郁代ちゃんは「前座長(『人生のピース』の花代さん)ということになるのでしょうが、その方以外ということになるとまずは知念里奈さん。私が『レ・ミゼラブル』のコゼットをやっていた時のファンテーヌで、私がコゼットで悩んだり悩んだりした時に、本当に親身になって優しく声をかけていただいて。掛けていただいた言葉がどれも優しくて、本当にミュージカル界のマリア(聖母さま)なんじゃないかと思って、ぜひまたご一緒させていただきたいです。

もうお1方が新妻聖子さん。

『レ・ミゼラブル』だけでなく『ミス・サイゴン』でもご一緒させていただいて、たまたま『ミス・サイゴン』をやっている時に『レ・ミゼラブル』のコゼットの最終オーディションで。緊張している私を見つけた聖子さんが声をかけていただいて。

聖子さん「郁代ちゃん、何緊張してるの?」
郁代ちゃん「コゼットの最高音が出るか不安で」
聖子さん「(郁代ちゃんの顔をじっと見つめて)
     郁代ちゃん、出ない音はないんだよ

それを聞いた郁代ちゃん、「そっか、出ない音はないんだ(笑)」って思えて、オーディションに臨めたのだそうです。

そのエピソードを聞いて「出ない音はあるよ!」とツッコんでいたのがMARIA-Eちゃんだったというのが、中々の面白い空間でした。
「そりゃ、(聖子さんは)出ない音はないと思いますけど!」という(笑)

そして、郁代ちゃん、「聖子さんのように、後輩にそういうことが言える人になりたい」とまとめられていました。

・・・

聖子さんは独立独歩な印象がある人ですが、1年半ほど前に聖子さんがSKE48の歌唱力コンテストで惜しくも3位になった(聖子さん自身は1位の評価をしていた)(野島)樺乃ちゃんを「歌が良かった、伸びしろがある」と励まして樺乃ちゃんの今があったり(AKBグループ歌唱力決定戦第1回で優勝し、今年7月に初のSKE選抜入り)、宝塚雪組トップ娘役の(真彩)希帆さんを「歌声を大事にしていってもらって、いつか共演したい」と励まして希帆ちゃんの今があったり(今年7月のFNS歌謡祭でデュエット)するのを見ていたりすると、先輩からの後輩への接し方って大切だなと。
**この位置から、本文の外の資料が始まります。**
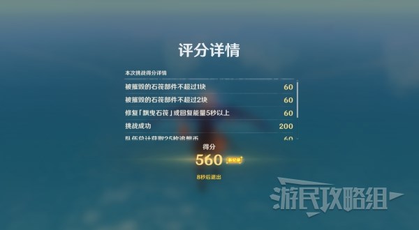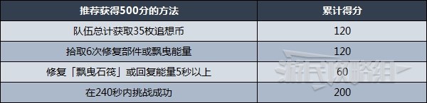 击败敌人后注意拾取蓝色和绿色的掉落能量,累计3次可获得60分、6次可获得120分。但只拾取不返回石筏的话这些能量就无法生效,石筏原本的能量用完之后是无法继续移动的,所以拾取之后要记得返回石筏上充能(修复或充能5秒以上可以获得60分)。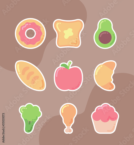 food, avocado, donut, apple, cupcake, broccoli, bread, meat, drink, kitchen, fast, breakfast, bakery, fruit, lunch, nature, flat, meal, vector, illustration, design, icon, icon, set, collection

今回、郁代ちゃんがMARIA-Eちゃんに声をかけたのも、同じように感じていて、余り女優さん同士でそういうことやる方っていらっしゃらないんですよね。単純に「共演したから」以上の、世代を超えた魅力のキャッチボールが、1+1が2以上になっていたのがこの日のライブだと思えて。

MARIA-Eちゃんがイキイキとしていたから、郁代ちゃんもいつも以上に伸び伸びしてた。

郁代ちゃん的には、バンドに成尾さんがいらっしゃったのでいつも通り弾けても大丈夫という確信があったからだと思いますが(笑)、ミュージカル女優さんのライブの新しい可能性を感じられた、素敵なライブになりました。